E-cigarettes can also cause unintended injuries. Defective e-cigarette batteries have caused fires and explosions. Children and adults have also been poisoned by swallowing, breathing or absorbing e-cigarette liquid.
In the U.S., young people are much more likely than adults to vape. According to the CDC, in 2018 more than 3.6 million U.S. middle and high school students had used e-cigarettes in the previous 30 days, including 4.9 percent of middle-schoolers and 20.8 percent of high school students.
From 2017 to 2018, e-cigarette use increased 78 percent among high school students and 48 percent among middle school students. There is a considerable concern that the makers of e-cigarettes are explicitly targeting youth. Vaping products that are flavored to taste like menthol, fruit, different types of dessert, and other flavors that are attractive to young people is evidence of this marketing ploy.
What should we do?
E-cigarettes should never be used by youth, young adults, pregnant women, or adults who do not currently use tobacco products. While the vaping-related lung illness outbreak is ongoing, people should consider not using e-cigarette products, and those who do should be aware of and monitor themselves for symptoms.
More also needs to be done by the FDA and our various state and federal legislative bodies to decrease the epidemic use of e-cigarettes by our youth. Unfortunately, it might be too late. Lax laws and a flourishing underground market for vaping products means that getting this outbreak under control will be difficult.
Across the U.S., public health officials are becoming aware of a massive underground market for illegal vaping products, for nicotine and for marijuana.
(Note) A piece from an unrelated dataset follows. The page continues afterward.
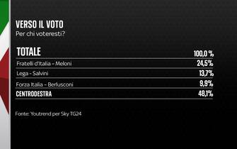 Elezioni, sondaggio Quorum/YouTrend per Sky TG24: intenzioni di voto premiano FdI e Pd

Sales happen online, on the streets, in pop-up stores, and in individual transactions via social media.
A recent drug bust in Kenosha, Wisconsin illustrates the scope of the problem. Police seized about $1.5 million worth of drugs and 31,000 vape cartridges filled with liquid THC, almost 100,000 empty cartridges, and 57 mason jars filled with THC oil, each worth about $6,000.
It is essential that parents learn as much as possible about e-cigarettes to better protect their children and educate them about the dangers posed by these devices.
Dr. Kiragu is the medical director of the Pediatric Intensive Care Unit at Hennepin Healthcare and an associate of the Children’s Respiratory and Critical Care Specialists Group. The group provides ICU coverage at Children’s Hospital and Gillette Children’s Hospital. He is an assistant professor of pediatrics at the University of Minnesota. He is past president of the MN Association of Black Physicians and the MN Chapter of the American Academy of Pediatrics.